> **SUPPLIED MATERIAL**
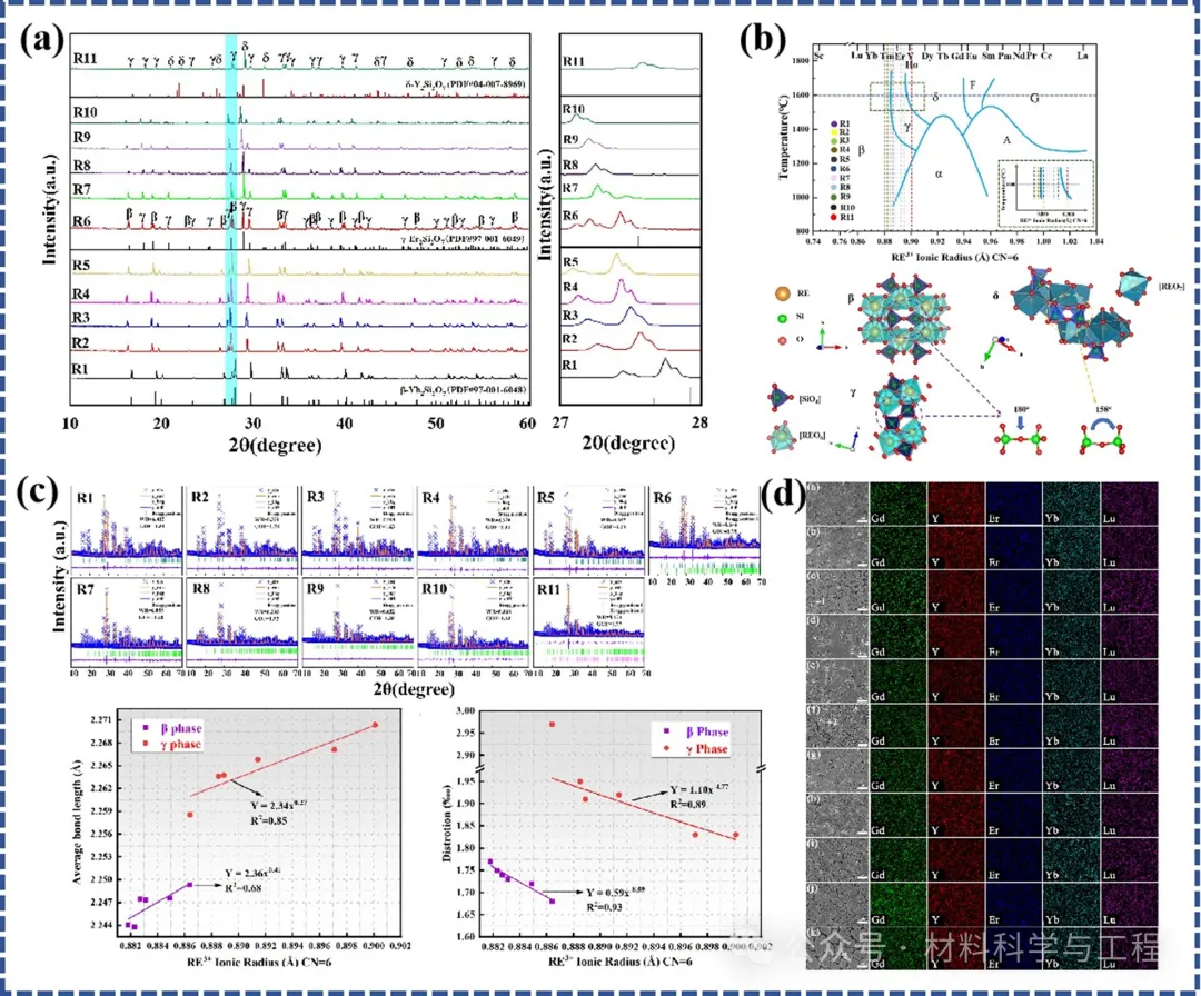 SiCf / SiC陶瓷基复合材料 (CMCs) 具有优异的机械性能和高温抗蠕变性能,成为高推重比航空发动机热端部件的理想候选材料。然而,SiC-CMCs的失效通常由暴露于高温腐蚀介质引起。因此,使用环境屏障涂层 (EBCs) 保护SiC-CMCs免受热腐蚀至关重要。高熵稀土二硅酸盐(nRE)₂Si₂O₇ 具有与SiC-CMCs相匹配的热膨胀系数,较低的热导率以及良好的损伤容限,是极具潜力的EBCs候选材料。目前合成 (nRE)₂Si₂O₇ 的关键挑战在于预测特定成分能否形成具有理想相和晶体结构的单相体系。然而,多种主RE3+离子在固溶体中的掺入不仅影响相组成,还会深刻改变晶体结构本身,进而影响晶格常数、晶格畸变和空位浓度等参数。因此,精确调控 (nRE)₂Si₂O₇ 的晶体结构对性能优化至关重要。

---

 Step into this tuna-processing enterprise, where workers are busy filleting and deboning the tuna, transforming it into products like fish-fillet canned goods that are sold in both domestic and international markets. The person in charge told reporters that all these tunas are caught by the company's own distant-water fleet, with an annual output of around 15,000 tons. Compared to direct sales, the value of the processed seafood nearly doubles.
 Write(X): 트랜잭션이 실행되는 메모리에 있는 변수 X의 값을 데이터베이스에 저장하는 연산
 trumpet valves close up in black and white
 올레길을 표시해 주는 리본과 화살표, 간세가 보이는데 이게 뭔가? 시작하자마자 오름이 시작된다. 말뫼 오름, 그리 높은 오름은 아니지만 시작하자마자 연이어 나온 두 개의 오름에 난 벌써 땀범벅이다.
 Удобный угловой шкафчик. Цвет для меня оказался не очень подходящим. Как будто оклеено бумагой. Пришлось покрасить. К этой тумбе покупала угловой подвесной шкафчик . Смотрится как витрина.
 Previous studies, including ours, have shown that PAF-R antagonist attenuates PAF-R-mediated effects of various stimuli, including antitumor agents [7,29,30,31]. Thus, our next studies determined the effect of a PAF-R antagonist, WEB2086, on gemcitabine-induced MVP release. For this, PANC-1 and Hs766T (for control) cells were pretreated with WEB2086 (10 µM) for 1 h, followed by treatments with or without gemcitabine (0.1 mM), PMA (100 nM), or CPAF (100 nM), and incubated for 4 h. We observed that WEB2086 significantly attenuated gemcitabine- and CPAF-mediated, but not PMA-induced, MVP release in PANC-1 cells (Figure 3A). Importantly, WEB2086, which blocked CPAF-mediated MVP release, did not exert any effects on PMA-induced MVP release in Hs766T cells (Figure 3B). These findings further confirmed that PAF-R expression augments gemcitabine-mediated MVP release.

...

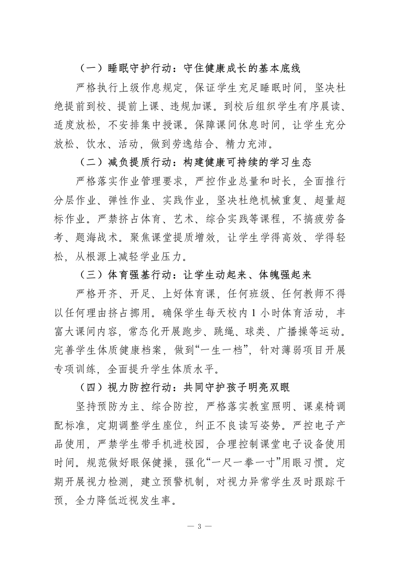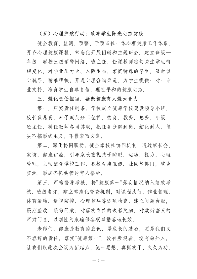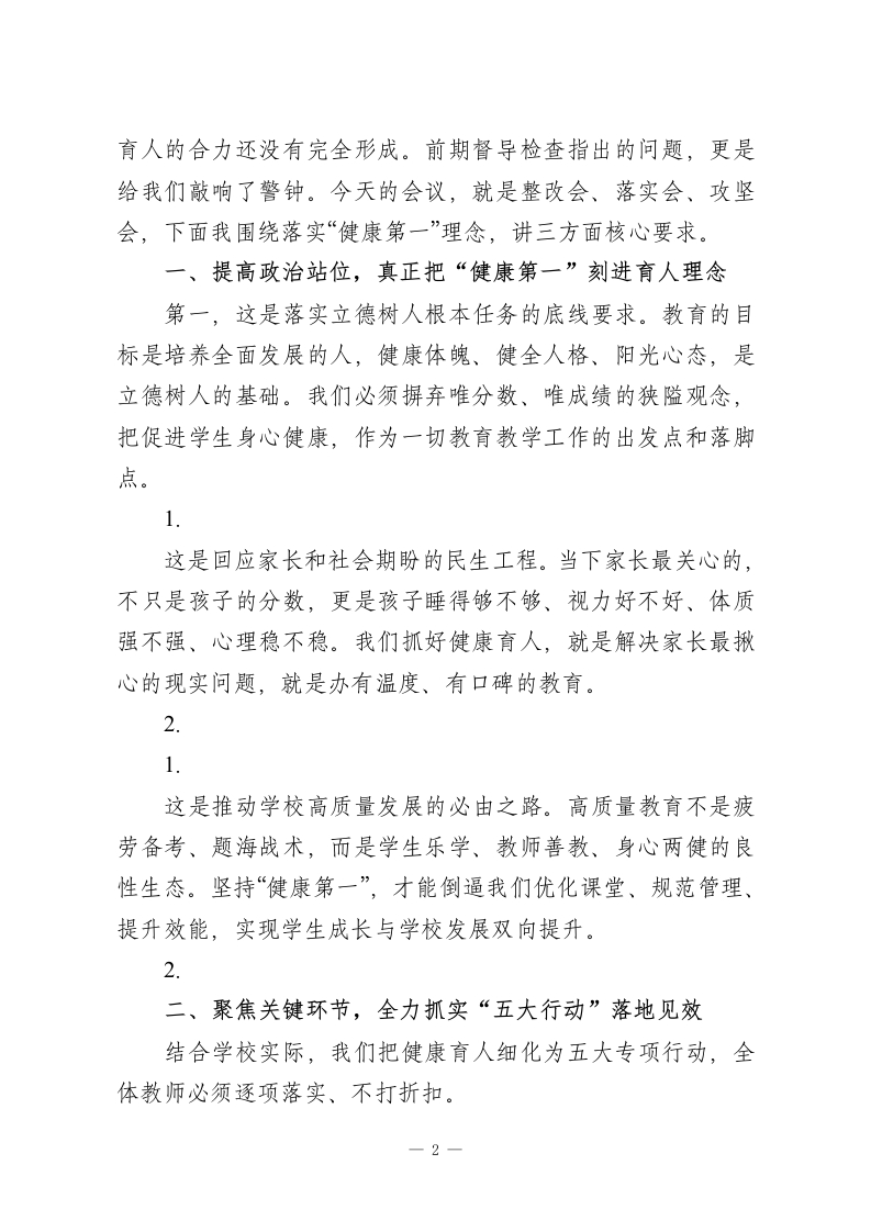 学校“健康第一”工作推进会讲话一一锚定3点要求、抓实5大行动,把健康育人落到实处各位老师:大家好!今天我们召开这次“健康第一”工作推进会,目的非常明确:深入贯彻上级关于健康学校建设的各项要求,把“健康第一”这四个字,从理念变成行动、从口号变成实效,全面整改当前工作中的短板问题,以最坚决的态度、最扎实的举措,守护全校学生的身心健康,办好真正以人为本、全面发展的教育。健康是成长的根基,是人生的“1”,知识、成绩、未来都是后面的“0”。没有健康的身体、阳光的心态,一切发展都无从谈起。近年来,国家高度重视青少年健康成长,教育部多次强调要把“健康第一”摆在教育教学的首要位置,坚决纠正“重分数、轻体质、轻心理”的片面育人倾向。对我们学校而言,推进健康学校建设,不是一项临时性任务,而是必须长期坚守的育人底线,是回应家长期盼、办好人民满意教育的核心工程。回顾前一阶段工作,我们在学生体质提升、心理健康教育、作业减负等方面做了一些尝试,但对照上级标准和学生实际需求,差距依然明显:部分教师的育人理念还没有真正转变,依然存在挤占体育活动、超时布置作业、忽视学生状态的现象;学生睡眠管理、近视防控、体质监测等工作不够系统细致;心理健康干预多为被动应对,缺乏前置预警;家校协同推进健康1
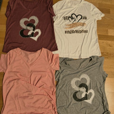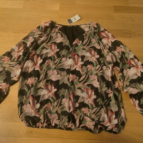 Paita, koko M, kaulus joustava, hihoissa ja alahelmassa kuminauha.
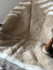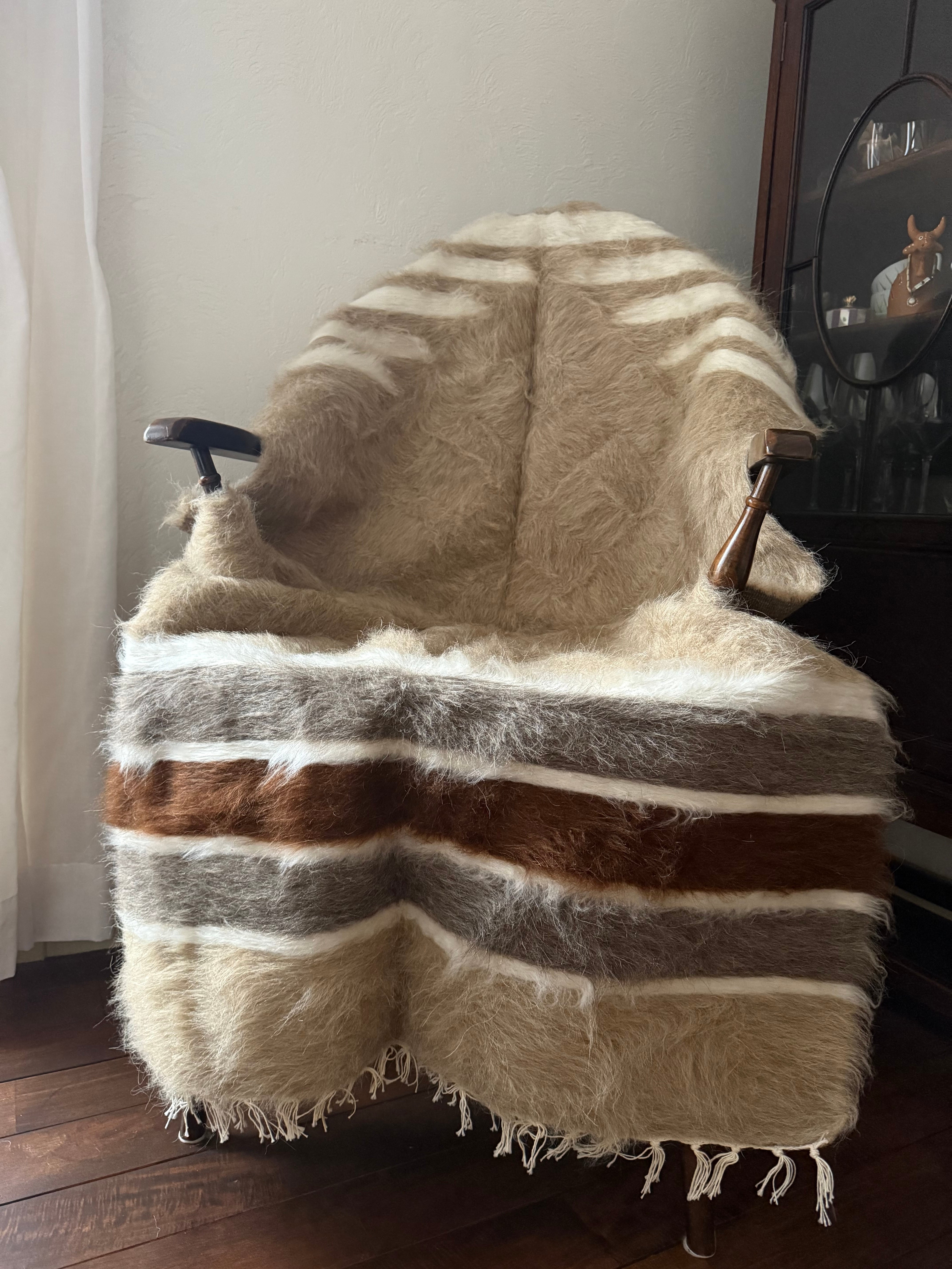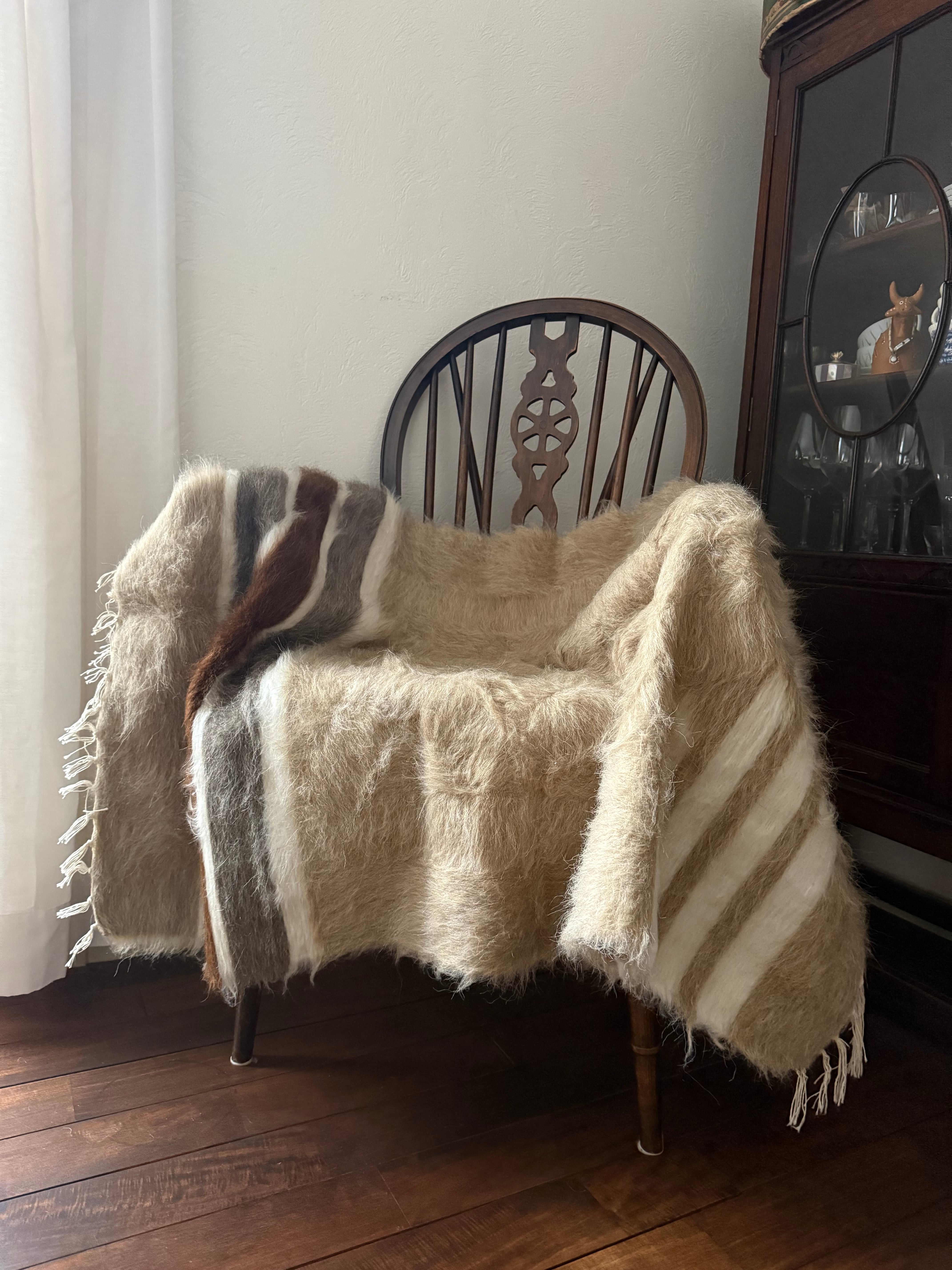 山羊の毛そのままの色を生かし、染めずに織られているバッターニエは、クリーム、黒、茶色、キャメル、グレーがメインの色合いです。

> **WHAT IS NEEDED**
Using the entries above, give again exactly the lines from the line holding "Write(X): 트랜잭션이 실행되는" through the line holding "Previous studies, including". Include both end lines and nothing else.

> **TASK RESULT**
 Write(X): 트랜잭션이 실행되는 메모리에 있는 변수 X의 값을 데이터베이스에 저장하는 연산
 trumpet valves close up in black and white
 올레길을 표시해 주는 리본과 화살표, 간세가 보이는데 이게 뭔가? 시작하자마자 오름이 시작된다. 말뫼 오름, 그리 높은 오름은 아니지만 시작하자마자 연이어 나온 두 개의 오름에 난 벌써 땀범벅이다.
 Удобный угловой шкафчик. Цвет для меня оказался не очень подходящим. Как будто оклеено бумагой. Пришлось покрасить. К этой тумбе покупала угловой подвесной шкафчик . Смотрится как витрина.
 Previous studies, including ours, have shown that PAF-R antagonist attenuates PAF-R-mediated effects of various stimuli, including antitumor agents [7,29,30,31]. Thus, our next studies determined the effect of a PAF-R antagonist, WEB2086, on gemcitabine-induced MVP release. For this, PANC-1 and Hs766T (for control) cells were pretreated with WEB2086 (10 µM) for 1 h, followed by treatments with or without gemcitabine (0.1 mM), PMA (100 nM), or CPAF (100 nM), and incubated for 4 h. We observed that WEB2086 significantly attenuated gemcitabine- and CPAF-mediated, but not PMA-induced, MVP release in PANC-1 cells (Figure 3A). Importantly, WEB2086, which blocked CPAF-mediated MVP release, did not exert any effects on PMA-induced MVP release in Hs766T cells (Figure 3B). These findings further confirmed that PAF-R expression augments gemcitabine-mediated MVP release.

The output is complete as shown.